If you are tired of feeling at the mercy of your car insurance provider then this comes as welcome news. Read on for the list of the best ways to keep those bills down.
1 – Be a defensive driver
Notice how I didn’t see be a good driver. Or, be a better driver. The thing is, everybody thinks they are good drivers including the one that thinks he has time to beat a red light.
Being a defensive driver is what’s important and will go a long way to reducing the chances of you getting into an accident. You can actively avoid accidents whether they would be your fault or not by making this a habit in your driving.
Defensivedriving.org has a lot of great tips to help you understand what it means. The gist of it is that you do things like slow down when approaching an intersection, keeping a two-second distance between other cars, and giving the right of way.
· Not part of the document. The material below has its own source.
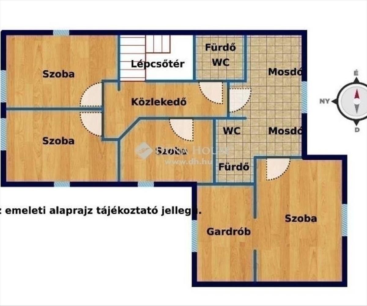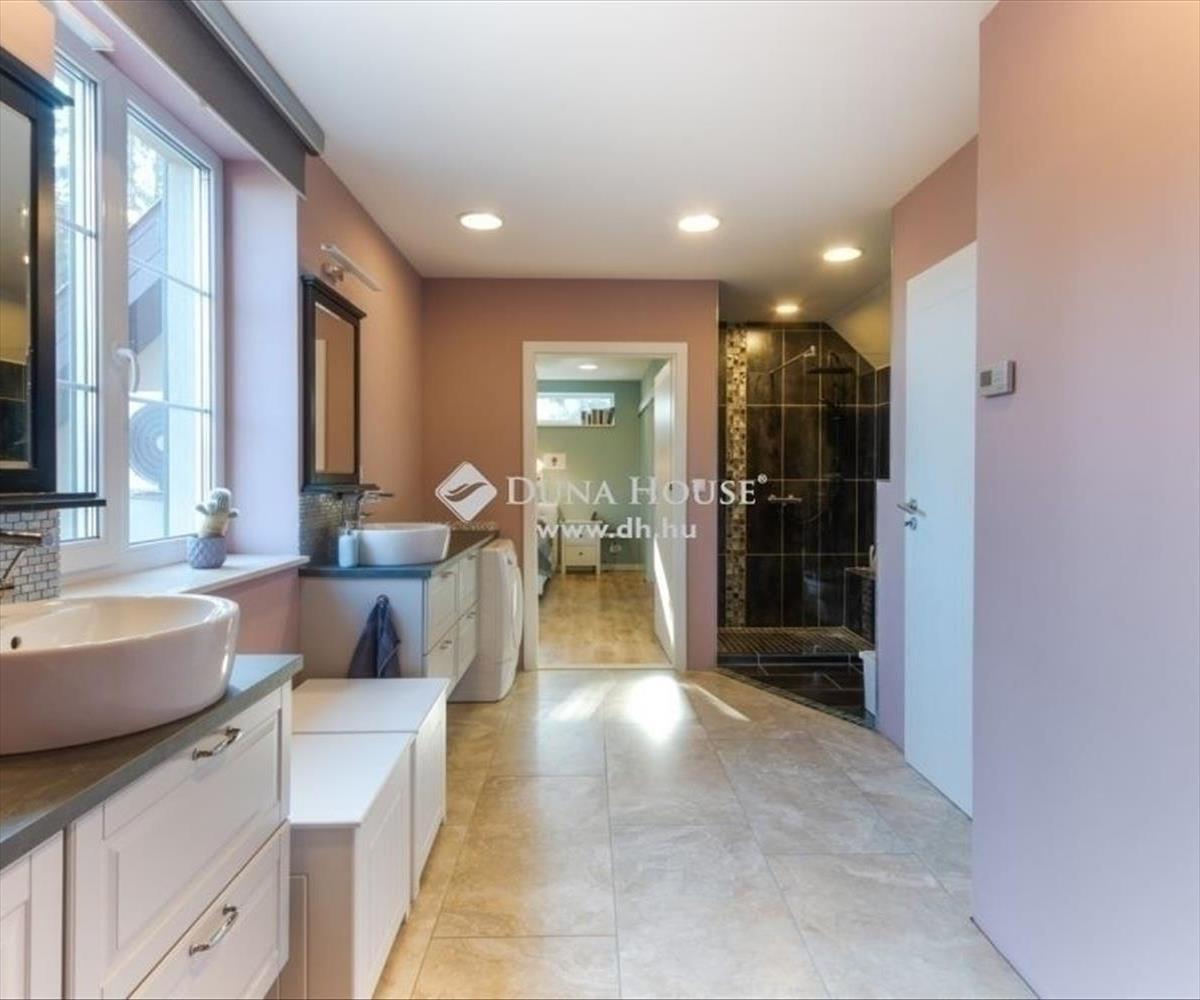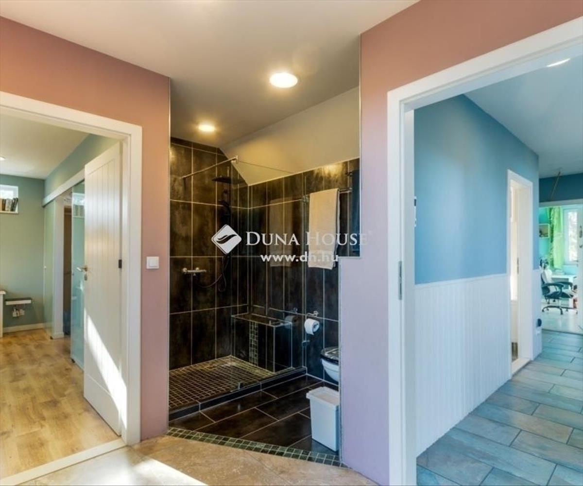 A házban nappali + 4 hálószoba, 3 fürdőszoba, 29 m2-es lakáskapcsolatos, fűthető garázs, továbbá tárolásra használható padlás van. a földszinti 64 m2-es lakótérben tud együtt lenni a család, a 24 m2-es, kiváló fényviszonyokkal és terméskő burkolatos, vízteres kandallóval rendelkező nappaliban, mely a nagyobb létszámú étkezések helyszíne is, vagy a 18 m2-es, teljesen felszerelt, gépesített konyha-étkezőben, melyhez egy kis kamra is tartozik és ahonnan szép időben a teraszra, a kertbe is kiléphetünk. Az előszobából nyílik a zuhanyzós fürdőszoba, egy kabátos gardrób, illetve közvetlenül mehetünk a garázsba, ahol a gépészet is helyet kapott. a nappalit és a konyha-étkezőt a közlekedő köti össze, a tereket kihasználva itt van még egy gardrób, innen tudunk szép, kényelmes lépcsőn felmenni az emeletre. Az emeleti 93 m2-en 4 szobát, 2 fürdőt találunk, melyek tágas közlekedőről nyílnak, kellő kényelmet, szeparáltságot biztosítanak egy több tagú család számára is. Különleges, apartmanos jellegű elhelyezést kínál a 18 m2-es szülői hálószoba, ahová a 15 m2-es szülői fürdőszobán keresztül juthatunk és amelyből nyílik még egy 9 m2-es, ablakos gardrób is. a 13, 12 és 9 m2-es szobák az ablakok révén szép világosak, beépített szekrények segítik a tárolást.

The best part about this driving style besides keeping you safe is you can often see reductions of up to 10% on your insurance premium.
2 – Keep it garaged
Do you keep your car in the garage? Does your insurance company know that you keep your car garaged?
Keeping your car in a garage keeps your car away from would-be thieves so insurance companies like this. Then, your car is also kept in a much better condition out of the elements so it is less likely to break down or even cause an accident from a malfunction.
Make sure to let your insurance company know where your car is garaged because you will get a discount on your premium for this.
3 – Bundle it
Insurance companies usually offer many different types of insurance. Your auto insurance provider is likely no exception. That means that if you own a home, boat, or other assets, you can often bundle up the insurance for all of them. This gives you some really big discounts.
One thing to beware of before you bundle is how they also like to bundle unnecessary provisions into it. You may end up buying more insurance than you actually need. Make sure to take stock of what you actually need covered and don’t budge when they try to upsell you on things you don’t need.
4 – Older cars
When your car was new you likely had to buy one of the highest costing premiums as you were financing. Some states require a high amount of coverage for a car that in theory, the bank owns.
Now that your car is older it likely doesn’t need to have the maximum coverage. How likely is your car to get stolen now that it has some scrapes and is out of date? You can certainly lower that by getting rid of theft coverage.
There are likely a lot of things you are paying for in your policy that are no longer needed or relevant. Review your policy when you finish paying off the car loan and see where you can make some cuts.
5 – Shop around
Insurance companies love to poach customers from rivals. As such, they are willing to beat the cost of what you are paying now to make the switch to them. Go online and request quotes from various companies. Many will ask if you currently have insurance so you can definitely get a great quote back when they realize you’re covered.
Also, don’t settle for what their computer algorithm tells you. Call somebody and get an agent on the line as you can always see some bigger discounts than what the figure on their calculator is showing. Humans can search around and find things the computer will miss. They may even get a bonus by onboarding new customers so they have an added incentive to find you the best deal.
It never hurts to ask so don’t settle for the quote if it is over your budget.